Trans and gender-diverse people have always existed. In every culture, people defy the rigidity of binary sex. 

Looking through the history of how people view and express gender identity, the following cycle tends to repeat itself:

  1. Powerful people view individual autonomy and expression as a challenge to their authority. 
  2. They incite moral panic to marginalize and eradicate trans people. 
  3. This ultimately fails. 
  4. They assimilate gender diversity into the larger culture. 
  5. A new group attempts to gain power. 
  6. Begin again at step one.

This cycle has persisted for millennia. Though it’s nowhere near exhaustive, this article takes a look at the history of gender identity around the globe to show how it isn’t the new phenomenon conservative personalities would have you think it is.

What Is Gender Identity?

Gender identity is an individual’s internal experience of their gender. Regardless of outward appearance, gender identity has to do with how a person feels inwardly. 

Cisgender people identify with their assigned gender at birth. These are either assigned male at birth (AMAB) or assigned female at birth (AFAB), but the gender assigned to you at birth may not be the one you agree with.

Transgender people do not align with their assigned gender to varying degrees. 

  • Binary Trans — A trans man or woman who identifies primarily with a binary gender. 
  • Trans-Masc — Short for transgender masculine. A nonbinary person who identifies mostly with masculinity.
  • Trans-Femme — Short for transgender feminine. A nonbinary person who identifies mostly with femininity. 
  • Nonbinary — An umbrella term for those who do not fully identify with either binary gender. 
  • Agender — Someone who does not identify with the concept of gender whatsoever.

For many, these terms are new and may seem confusing, but it’s really quite straightforward  —  nobody can tell you who you are but you.

What is the Difference Between Gender & Sexual Identity?

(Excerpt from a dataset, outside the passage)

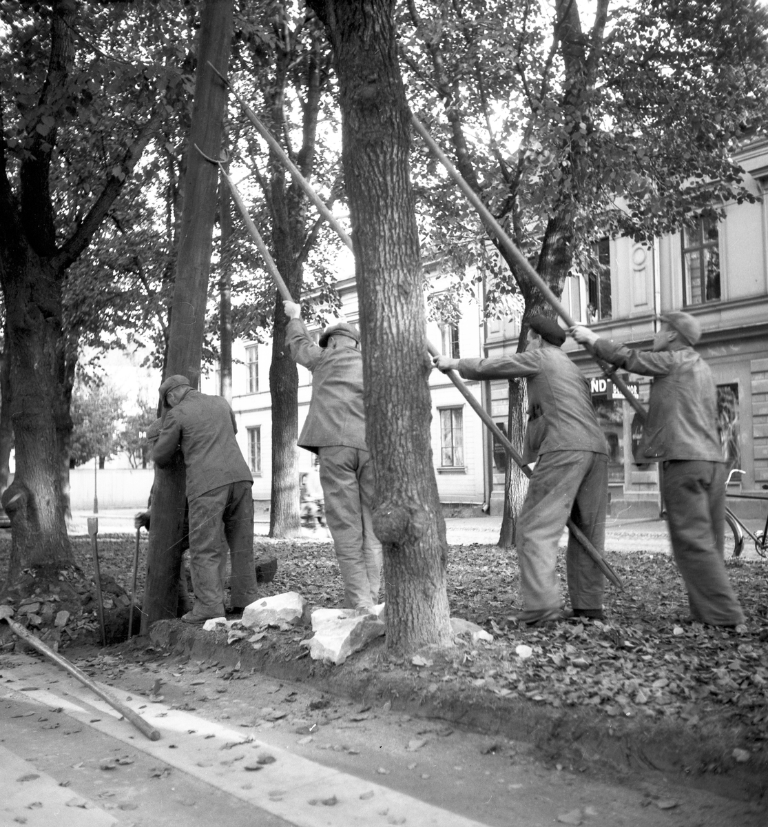 Resning av stolpar. Reportage för Gefle Dagblad. Den 1 oktober 1937

Sex is a classification of physical and physiological features we’ve assigned meaning to. Gender is a culturally-created social categorization defined by a set of behaviors and roles. 

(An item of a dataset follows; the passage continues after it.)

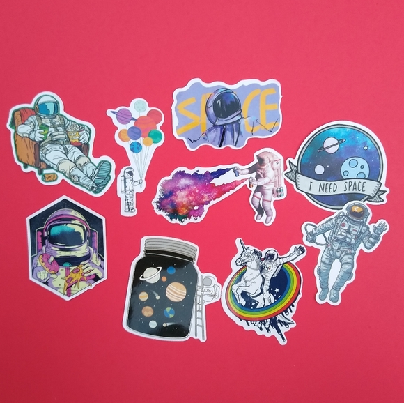 10 piece lot of spaces / astronaut stickers. Add them to your notebook, laptop, suitcase & more!!!

Judith Butler referred to fulfilling these social expectations as the “performance of gender” [1]. Gender and how a person expresses it is up to each individual, as opposed to sex which is more of a definition based on scientific criteria.

Gender isn’t alone in not being a binary system; even sex extends beyond two choices. Sexual chromosomes  —  the genes responsible for determining sex  —  have dozens of potential combinations and physical expressions. 

Intersex people  —  who have a combination of gendered features  —  make up anywhere from 1.5–3% of the population [2]. Gender essentialists believe gender is the inevitable social result of sex, which is historically and scientifically incorrect.

Who Invented The Gender Binary?

No one individual invented the gender binary. A series of events have dwindled the expansive potential of human identity to male or female, starting with European aristocrats putting a pseudo-scientific spin on the Divine Right of Kings. 

Pre-Enlightenment scholars used a one-sex model of gender. Male and female anatomy were different manifestations of a single body. Various ancient cultures viewed sex as something unstable, believing temperature and moisture levels could change a baby’s sex or feminize a man [3].  

In the 17th century, Enlightenment thinkers shifted to the two-sex model of gender, favoring “rationalism” above all previous social, religious, and political ideas. Victorian academics formalized the modern gender binary in the 19th century.

Ancient & Early Modern Enforcement of Gender Roles 

While there are many cultures throughout the world with an array of gender identities, enforcement of the binary has also been around for a while. From the dawn of agriculture to the formation of most modern religions, people have found reasons to oppress identities different from their own.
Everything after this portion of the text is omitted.